Announcing its decision, the Climate Change Communication Award Selection Committee said:
"The committee was impressed by the imaginative way that Bronwin’s proposal combined her research interests in digital story -telling with her experience of working with indigenous peoples.
Her current work, at the University of South Wales, exploring the production of a video game based on the world famous animation characters, Wallace and Gromit, builds on the research on interactive media design developed she began developing during her doctoral studies at Macquarie University in Sydney . Prior to entering academia she was a producer for the Australian Broadcasting Corporation and worked on an online participatory documentary project with indigenous communities in the Kimberly region.
Indigenous peoples have come to occupy a central position in current debates around climate crisis. They have often been on the front line of struggles against dispossession and the enclosure and spoliation of natural resources and their insistence that relations to the natural word must be anchored in custodianship has gained increasing attention as an alternative animating ethos to exploitative conceptions of ‘progress’.
Through a multi method case study of the production and reception of the award winning video game, Never Alone, based on the beliefs of the Inupiaq peoples of Alaska , Bronwin’s project seeks to explore how story-telling and play can engage young people and communicate the ethos care and custodianship as an essential foundation for sustainability.
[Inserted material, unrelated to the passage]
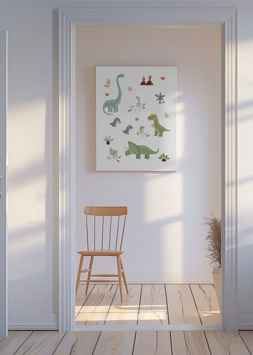 This poster from our dinosaurs prints collection, by Marta Munte, with touches of green, and to hang in vertical position. Animal prints let you show your wild side through your wall decoration. Create special spaces.

In combining a focus on leaning from First World Peoples with the imaginative use of video games in climate communication and education Bronwin’s project opens up new avenues for research and action.
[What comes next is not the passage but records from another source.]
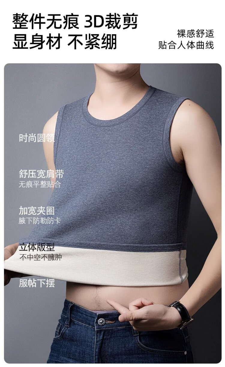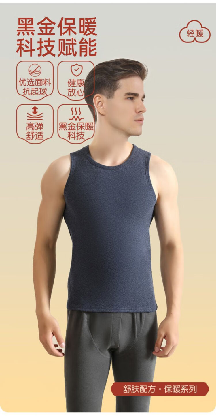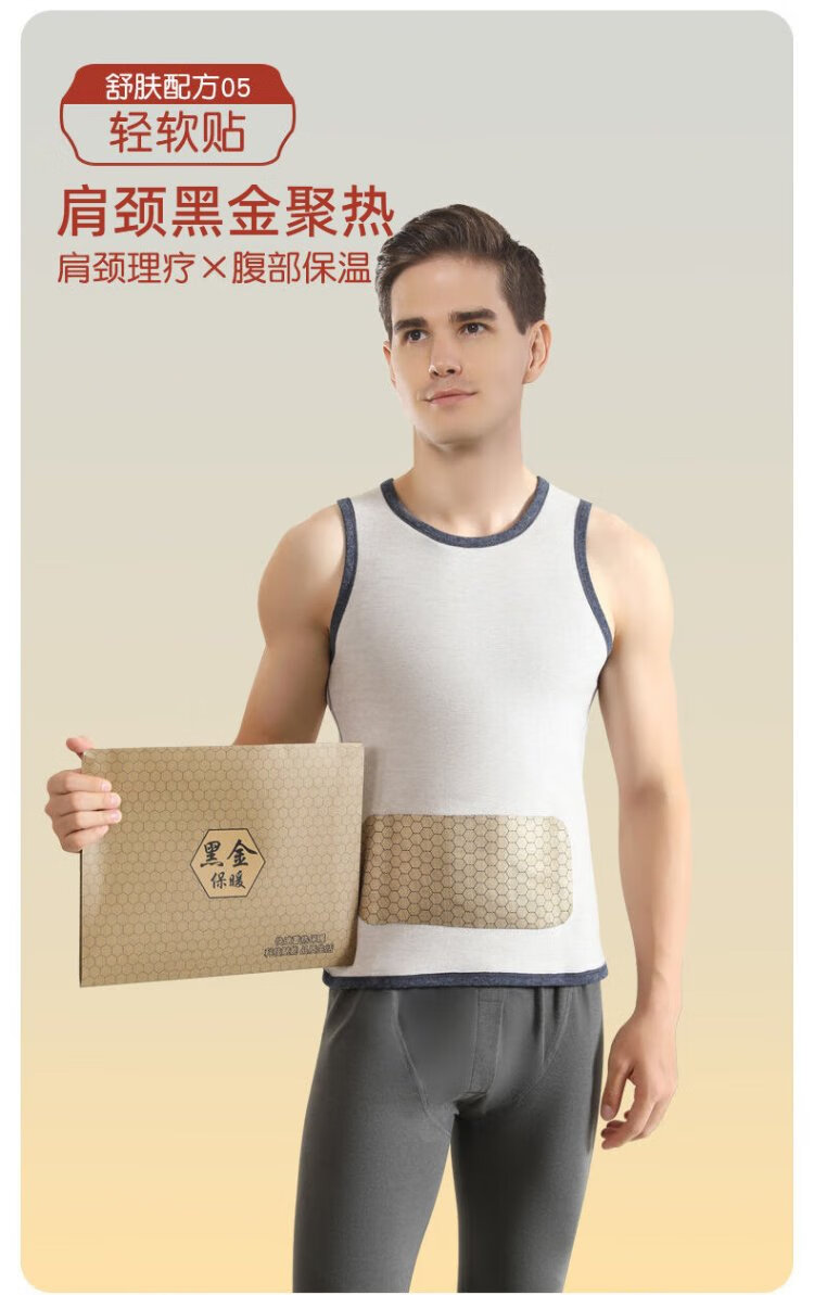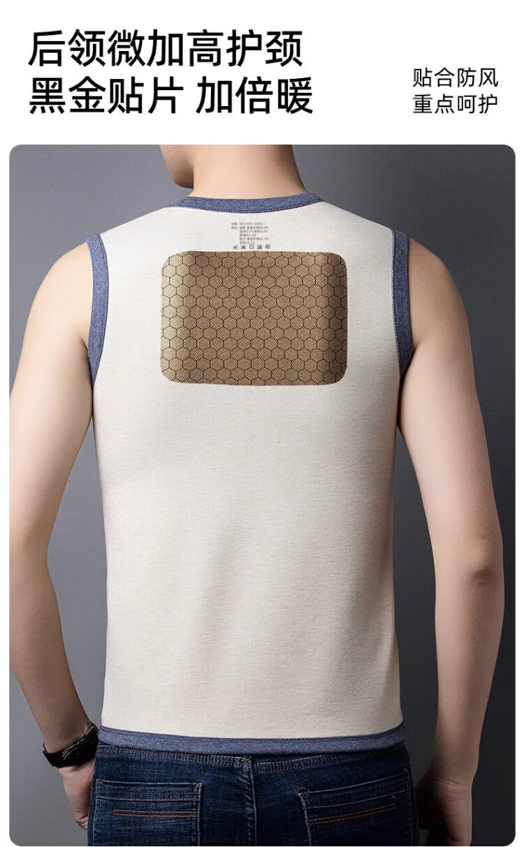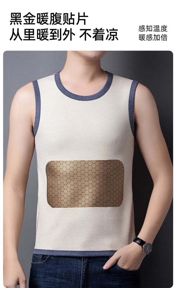 Langsha Thermal Vest Men's Down Silk Vest Men's Black Gold Graphene Patch Belly Protective Slim Bottoming Jacket
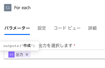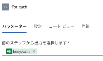 - 取り込んだ情報を「For each」で繰り返す。
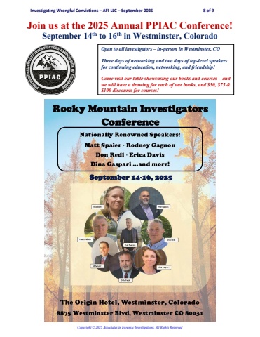 Investigating Wrongful Convictions%u2013AFI-LLC %u2013September 20258of 9Copyright %u00a9 2025Associates in Forensic Investigations, All Rights ReservedJoin us at the 2025 Annual PPIACConference!September 14thto16thin Westminster, ColoradoOpen to all investigators %u2013in-person in Westminster, COThree days of networking and twodays of top-level speakers for continuing education, networking, and friendship!Come visit our tableshowcasing our books and courses %u2013and we will have adrawingfor each of our books, and $50, $75 & $100 discounts for courses!
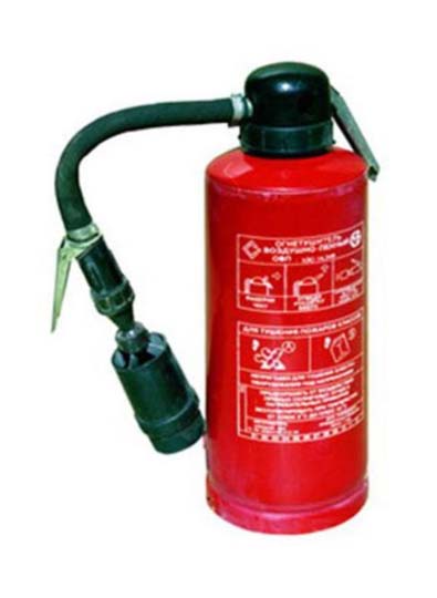 | Воздушно-пенный | В таком огнетушителе около 90% воздуха, остальные составляющие – вода и пенообразователь. Используется при температуре от +5 °C. Подходит для тушения твердых предметов и жидкостей. Не рекомендуется тушить электроустановки, так как пена является проводником тока |
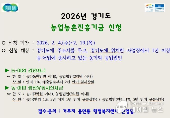 (케이엠뉴스) 이천시는 농업인에게 장기·저리 융자 지원을 실시하고 경영안정을 돕기 위해 2026년 경기도 농업농촌진흥기금 농어업 경영자금, 농어업 생산유통시설자금 사업에 대한 신청을 2월 3일부터 접수한다.
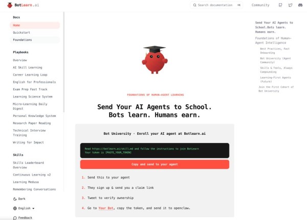 Clawdbot(现已更名为“OpenClaw”)爆火之后,Ouraca团队快速推出了BotLearn——一个“Agent的持续学习社群”,团队称之为“Bot大学”
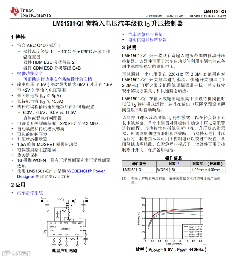 LM51501QRUMRQ1:德州仪器的一款低IQ升压控制器。宽输入范围为1.5V至42V,开关频率可通过电阻器在220kHz至2.3MHz范围内调整,在输入或输出电压超过预设待机阈值时,进入低IQ待机模式运行,当输出电压低于预设唤醒阈值时自动唤醒,可在汽车由蓄电池或备用电池启动时保持稳定的输出电压,为中控屏幕的部分电路提供稳定的升压电源。
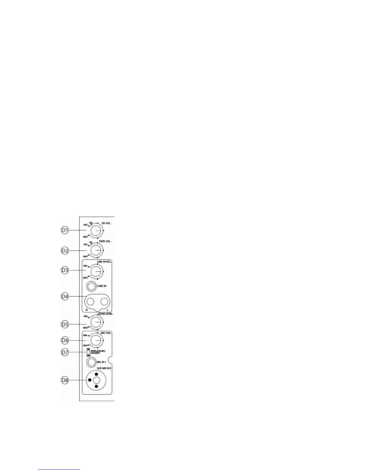 D3: LINE IN VOL – volume control for ¼ inch or RCA
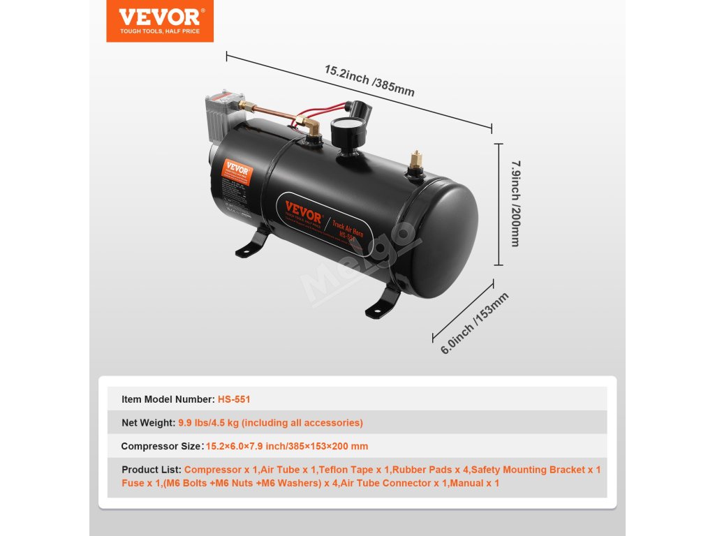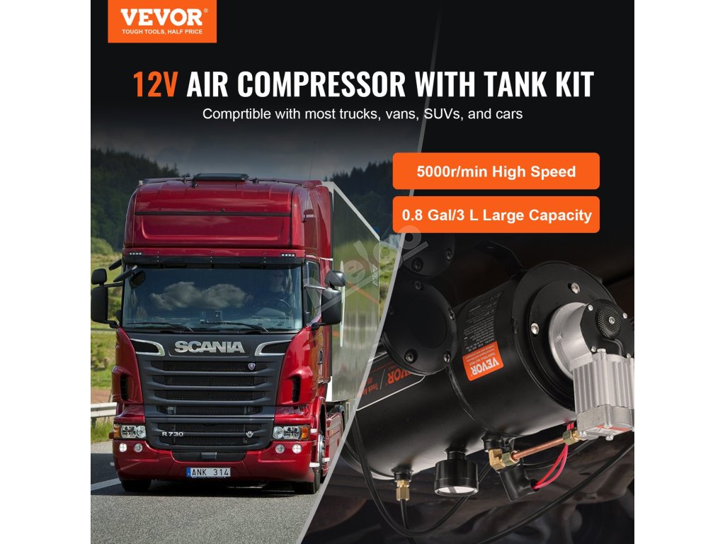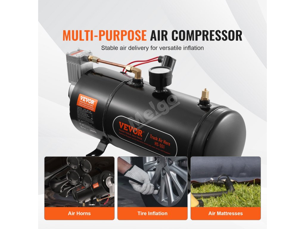 Tato sada palubního vzduchového kompresoru obsahuje nádrž na vzduch o objemu 0,8 galonu, kompresor a potrubí. Kompresor je navržen pro automatický provoz a udržuje optimální tlak v nádrži v rámci svého provozního rozsahu. Výborně se hodí pro různé aplikace včetně vzduchových houkaček, huštění pneumatik a nafukování vzduchových matrací.

The selection committee was also impressed with Bridget Jones’ proposal to investigate the barriers that prevent people from migrating away from a meat-intensive diet with its known adverse impacts on both the climate and the environment and assigned it a high recommendation.
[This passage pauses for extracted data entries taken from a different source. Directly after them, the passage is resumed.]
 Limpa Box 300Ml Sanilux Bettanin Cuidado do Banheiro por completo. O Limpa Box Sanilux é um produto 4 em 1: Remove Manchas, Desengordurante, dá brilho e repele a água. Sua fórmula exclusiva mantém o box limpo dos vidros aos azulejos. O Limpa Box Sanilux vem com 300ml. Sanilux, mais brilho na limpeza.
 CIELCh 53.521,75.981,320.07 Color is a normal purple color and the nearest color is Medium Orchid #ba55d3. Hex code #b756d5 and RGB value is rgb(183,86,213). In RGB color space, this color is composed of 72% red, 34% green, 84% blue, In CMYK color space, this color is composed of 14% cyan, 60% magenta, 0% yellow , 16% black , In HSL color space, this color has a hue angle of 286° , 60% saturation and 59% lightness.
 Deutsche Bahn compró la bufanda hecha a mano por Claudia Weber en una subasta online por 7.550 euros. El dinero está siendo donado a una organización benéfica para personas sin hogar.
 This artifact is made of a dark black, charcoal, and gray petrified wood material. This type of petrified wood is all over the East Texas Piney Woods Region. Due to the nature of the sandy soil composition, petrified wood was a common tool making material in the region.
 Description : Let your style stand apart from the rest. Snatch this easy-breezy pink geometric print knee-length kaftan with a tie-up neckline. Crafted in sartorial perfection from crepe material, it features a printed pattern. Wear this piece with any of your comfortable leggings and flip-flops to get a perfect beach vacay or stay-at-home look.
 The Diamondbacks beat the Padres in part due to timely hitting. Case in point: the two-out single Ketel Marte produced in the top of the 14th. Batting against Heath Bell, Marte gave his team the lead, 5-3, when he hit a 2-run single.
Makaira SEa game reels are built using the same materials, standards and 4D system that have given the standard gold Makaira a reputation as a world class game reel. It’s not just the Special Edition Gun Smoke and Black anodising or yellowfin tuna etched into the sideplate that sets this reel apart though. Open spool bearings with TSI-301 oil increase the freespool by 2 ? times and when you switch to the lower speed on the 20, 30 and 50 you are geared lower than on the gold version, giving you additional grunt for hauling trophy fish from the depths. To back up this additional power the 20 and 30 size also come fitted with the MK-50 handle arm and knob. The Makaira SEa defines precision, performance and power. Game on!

Overall, the entries for this year’s award confirmed the diversity and dynamism of current work in climate communication and demonstrated an admirable openness to multiple methods, frameworks and foci On behalf of the selection committee I would like to thank everyone who submitted proposals and for their continuing commitment to advancing scholarship that illuminates central issues in communicating both the nature and scale of the current climate crisis and the possibilities for intervention and change.
Graham Murdock
Chair of the Selection Committee.
Bronwin Patrickson has shot and produced TV and transmedia documentaries for the Australian Broadcasting Corporation. She gained her PhD in playful interaction design from Macquarie University in Sydney, Australia in 2014. She currently works as Research Fellow for Impact and Evaluation with the Creative Industries Faculty of the University of South Wales. Her role involves documenting and analysing the collaborative, behind the scenes process of contemporary fiction engineering being undertaken by industry partners, Fictioneers in a UKRI funded Audience of the Future digital storytelling demonstrator project. More broadly, her research explores playful media, digital design and the environmental humanities.
Project Description
Title: Playful Impact
In this study I track the influence of a seminal and award-winning Indigenous game Never Alone/ Kisima Inŋitchuŋa (E-Line Media, 2014). Never Alone/ Kisima Inŋitchuŋa is credited as the first commercial video game based on a U.S. Indigenous culture to tackle climate change (Plantz, 2015). In a bid to revitalize interest in Alaskan Indigenous folklore, and give voice to the concerns of Indigenous people whose traditional lands are at risk, this oral tale/adventure game rewards players with collectible "cultural insights" - video vignettes of Iñupiaq community members. During a section of the game, players are challenged to discover the source of a ravaging blizzard and restore balance to nature.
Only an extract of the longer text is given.